__Task goal__:
Exact copies of the lines below, from the one with "Hội nghị đã" up to and including the one with "中伊豆ワイナリー自社農場のぶ", are what this calls for; leave out pictures.

__Listed entries__:
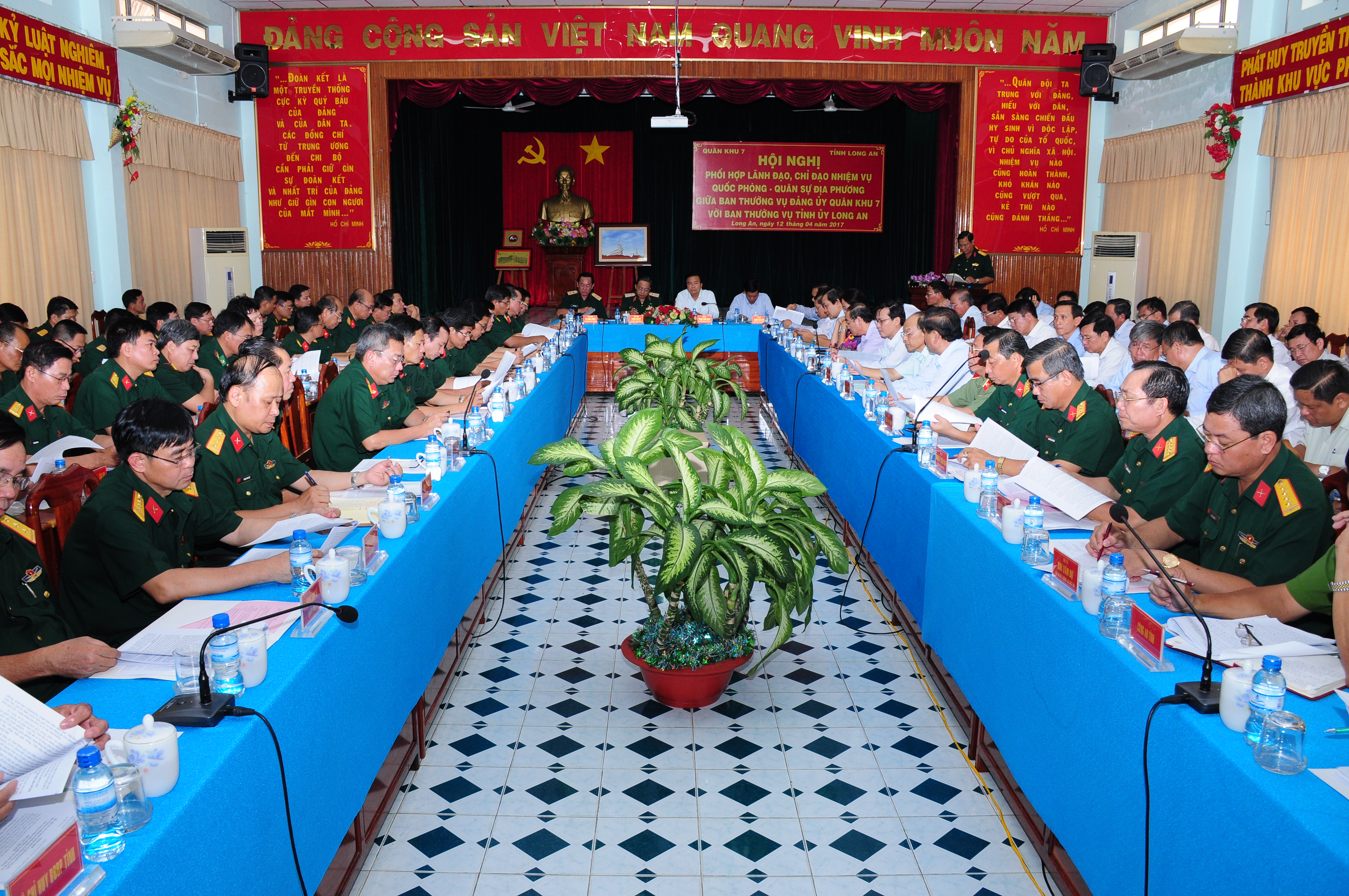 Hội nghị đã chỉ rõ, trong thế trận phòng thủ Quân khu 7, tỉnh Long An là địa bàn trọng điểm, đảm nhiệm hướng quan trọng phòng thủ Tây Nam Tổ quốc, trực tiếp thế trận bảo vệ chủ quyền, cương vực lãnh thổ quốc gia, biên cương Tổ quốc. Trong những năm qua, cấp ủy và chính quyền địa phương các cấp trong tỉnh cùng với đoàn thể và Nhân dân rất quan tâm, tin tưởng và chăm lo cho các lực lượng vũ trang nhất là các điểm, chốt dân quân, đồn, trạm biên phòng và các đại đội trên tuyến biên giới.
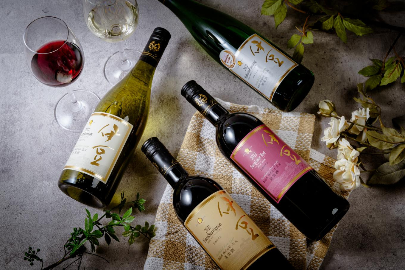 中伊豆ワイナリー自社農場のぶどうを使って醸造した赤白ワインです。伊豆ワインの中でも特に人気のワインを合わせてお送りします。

---

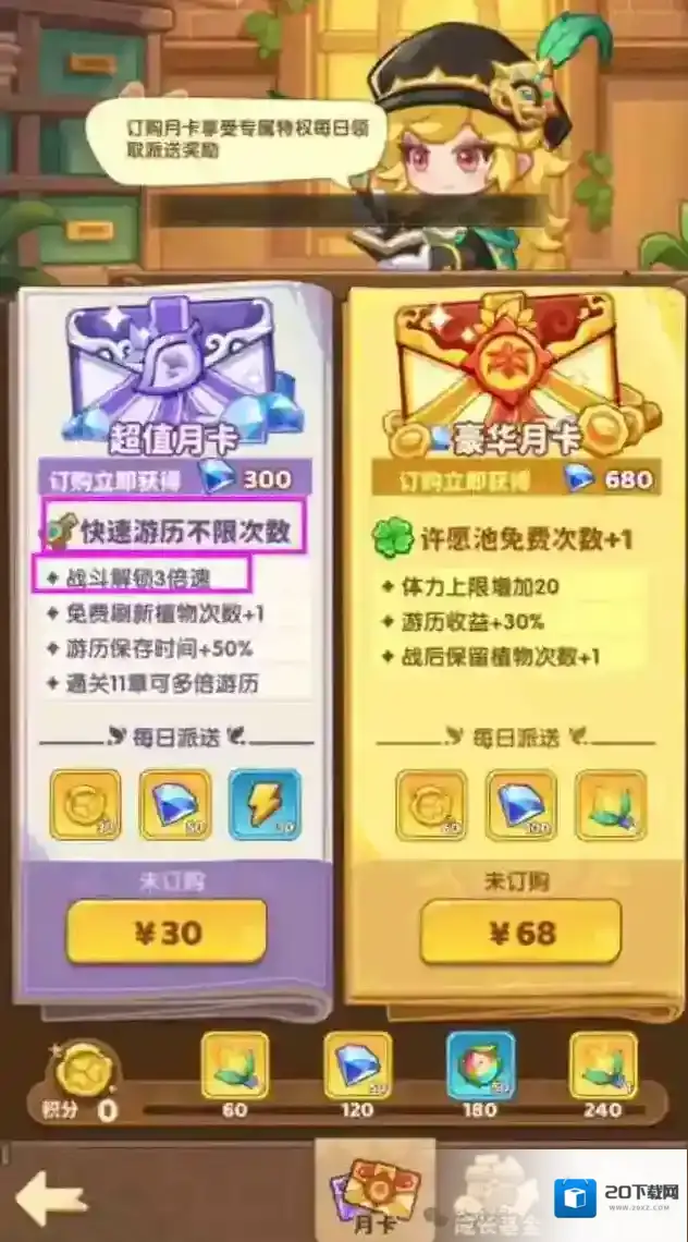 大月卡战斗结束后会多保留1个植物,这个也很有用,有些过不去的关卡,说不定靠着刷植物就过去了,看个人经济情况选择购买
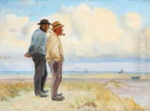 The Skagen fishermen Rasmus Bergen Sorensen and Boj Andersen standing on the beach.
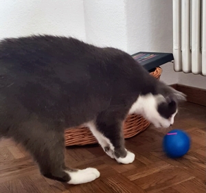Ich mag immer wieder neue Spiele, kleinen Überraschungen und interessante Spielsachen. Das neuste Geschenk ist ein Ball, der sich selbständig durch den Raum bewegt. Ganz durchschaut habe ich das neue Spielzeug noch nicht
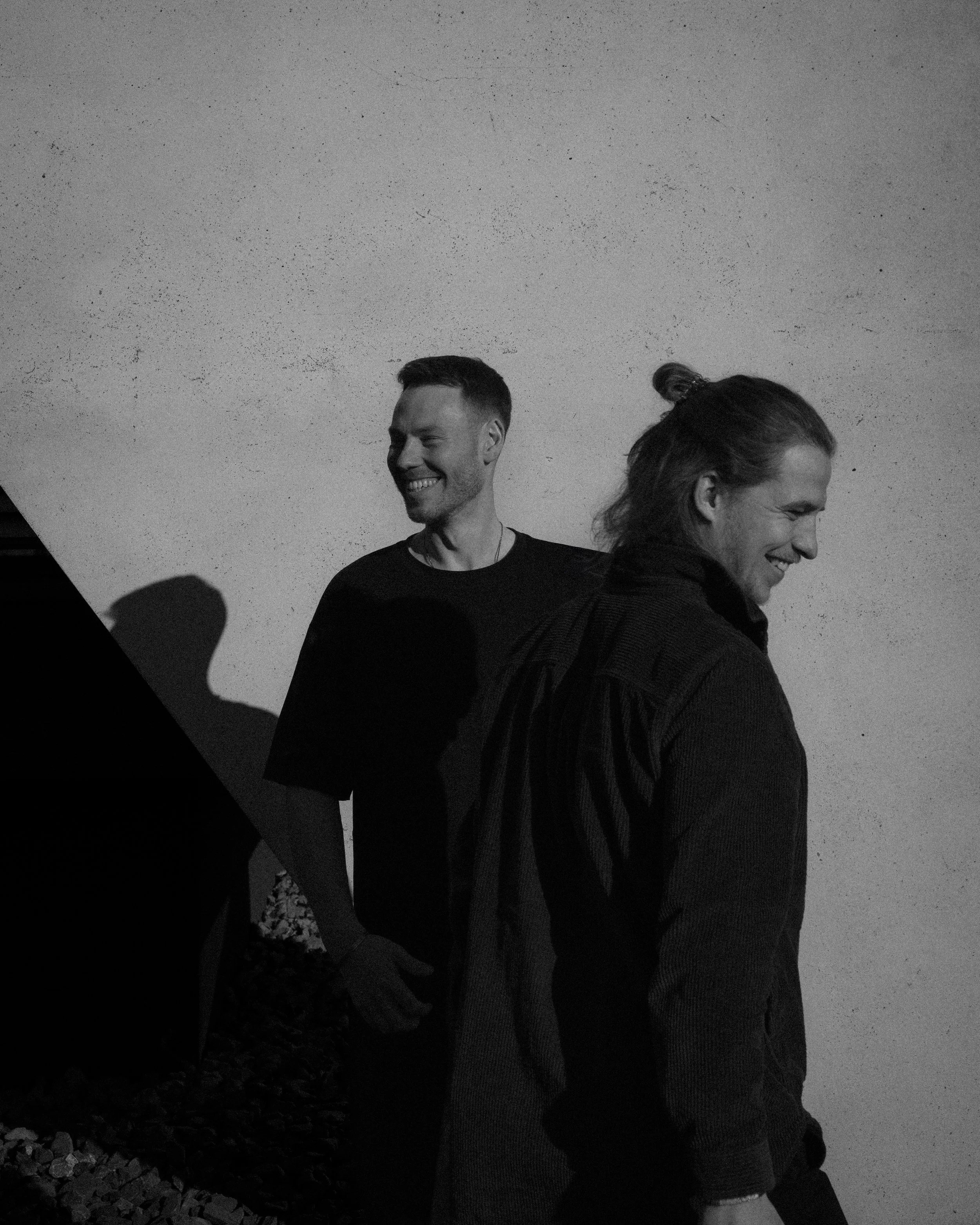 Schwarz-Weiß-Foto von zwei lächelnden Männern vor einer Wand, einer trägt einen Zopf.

__Solution__:
 Hội nghị đã chỉ rõ, trong thế trận phòng thủ Quân khu 7, tỉnh Long An là địa bàn trọng điểm, đảm nhiệm hướng quan trọng phòng thủ Tây Nam Tổ quốc, trực tiếp thế trận bảo vệ chủ quyền, cương vực lãnh thổ quốc gia, biên cương Tổ quốc. Trong những năm qua, cấp ủy và chính quyền địa phương các cấp trong tỉnh cùng với đoàn thể và Nhân dân rất quan tâm, tin tưởng và chăm lo cho các lực lượng vũ trang nhất là các điểm, chốt dân quân, đồn, trạm biên phòng và các đại đội trên tuyến biên giới.
 中伊豆ワイナリー自社農場のぶどうを使って醸造した赤白ワインです。伊豆ワインの中でも特に人気のワインを合わせてお送りします。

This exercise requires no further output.